Providing Open Architecture High Availability Solutions
Providing Open Architecture High Availability Solutions
80
Since the physical repair of a hardware domain will involve direct hands-on interaction between a
system technician and the actual system hardware, having visual guidance for the repair action
directly on the hardware itself is highly desirable. This often takes the form of LEDs and/or other
small display devices that can be controlled through the platform management system.

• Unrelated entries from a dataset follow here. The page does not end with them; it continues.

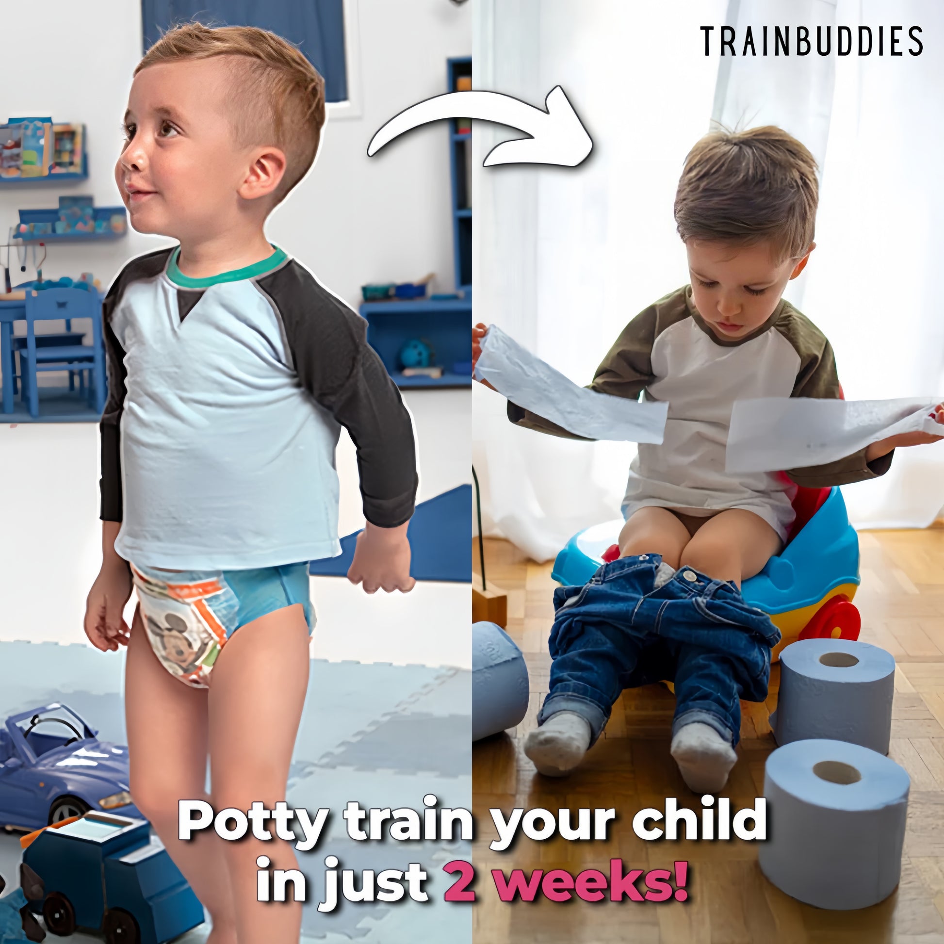 TrainBuddies™ is real underwear that helps your toddler potty train faster — with fewer messes and more wins. 🚽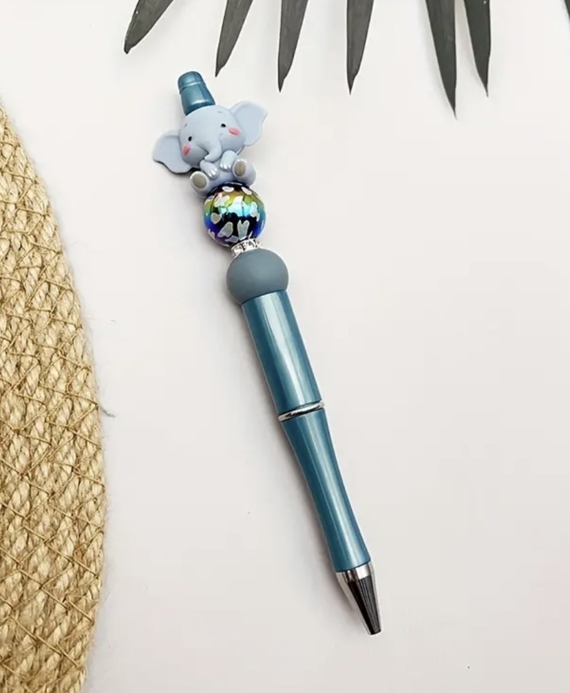 Charming Elephant π -Themed Silicone Beaded Pen - Cute Cartoon Animal Charm, Perfect Back-to-School Gift for Friends, Fashionable Silicone Beaded Pen. Black Ink.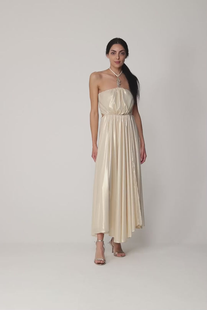 Elegante ed originale questo abito Simona Corsellini: modello dal taglio lungo e vestibilità scivolata, realizzato in tessuto spalmato che dona incredibile lucentezza al capo. Si caratterizza per la sua scollatura a fascia sorretta da un ciondolo metallico e da un'allacciatura attorno al collo, cut out ai lati lungo il punto vita e fondo asimmetrico. Con un bel paio di sandali con tacco e una clutch coordinata sarai pronta per le tue occasioni più importanti.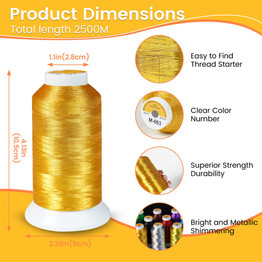 New brothread Single Huge Spool Metallic Embroidery Machine Thread 2500M (2735Y) Each for Commercial and Domestic Embroidery Machines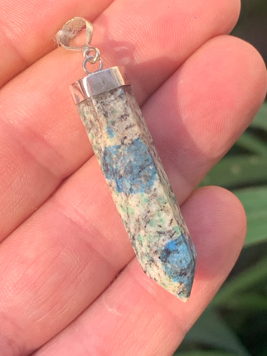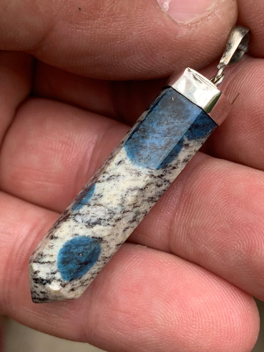 Jaspe K2* (Granit avec Azurite), pièce en Argent 0925 rhodié, de 58 millimètres de hauteur x 10 millimètres de largeur x 10 d'épaisseur. Vendu avec un cordon réglable de couleur noire !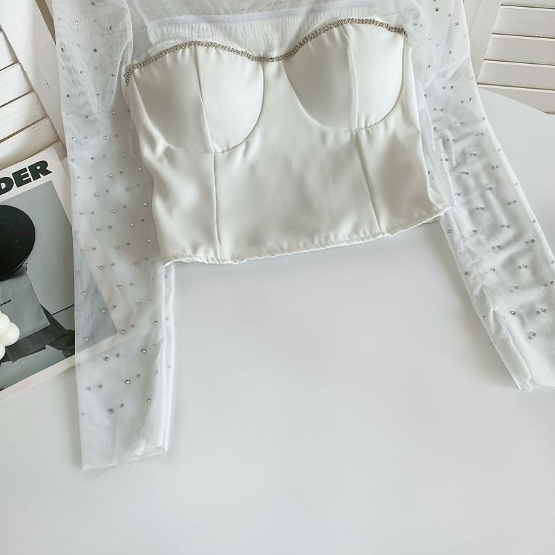Imagine if you could be satisfied and content with your purchase. That can very much be your reality with the Long-Sleeve Mock Neck Rhinestone Mesh Panel Top.

On-Line Firmware Upgradability
Increasingly, hardware components contain field-programmable devices. This affords an
opportunity to perform repairs and upgrades of the hardware without having to physically remove
and replace components from the system. This can result in significant reductions in MTTRs, as
well as eliminating opportunities for errors being made during a physical hardware swap. Thus,
when programmable devices are used in a system design, having the capability to upgrade the
firmware is highly desirable.
Maintenance of a System Inventory
In any system where hardware components and configuration can change over time, it is critical to
be able to answer the question, “What is currently installed?” This includes a discovery capability
that can detect all installed hardware. Individually replaceable units should be able to report, at a
minimum, what they are (including revision level), what options they contain (if applicable), and
unique tracking numbers. Typically, this information should be made available to the platform
management system.
8.3.6 Event Notification
Throughout all the capabilities of platform management, a common requirement is to provide
notification of significant events to other parts of the system, most notably the management
middleware component of a high availability system. As significant events occur (fault detections,
reconfigurations, etc.), the platform management system should provide information as to what has
occurred. Desirable capabilities of the platform management event notification function include:
• A common format of event messages for all events
• An asynchronous generation of event messages rather than requiring software to poll devices
to learn of events
• A publish/subscribe style interface for communicating events from platform management
system to interested software
• Automatic storage of events in non-volatile memory so they are not lost if there is no current
event listener
• System-wide synchronized time-stamp on events
• Common classification system for events to identify severity, urgency, etc., of event
• Inclusion of enough information with an event to permit immediate fault management action
as well as later analysis for the purpose of root cause analysis on system faults
8.3.7 Additional Useful Hardware Capabilities
The above platform management capabilities have been aimed at the minimum required to support
fault detection, diagnosis, isolation, recovery, and repair of fault domains. Beyond this minimum,
additional platform management capabilities of the hardware in high availability systems can be
provided in order to predict faults and prevent them from occurring in the first place.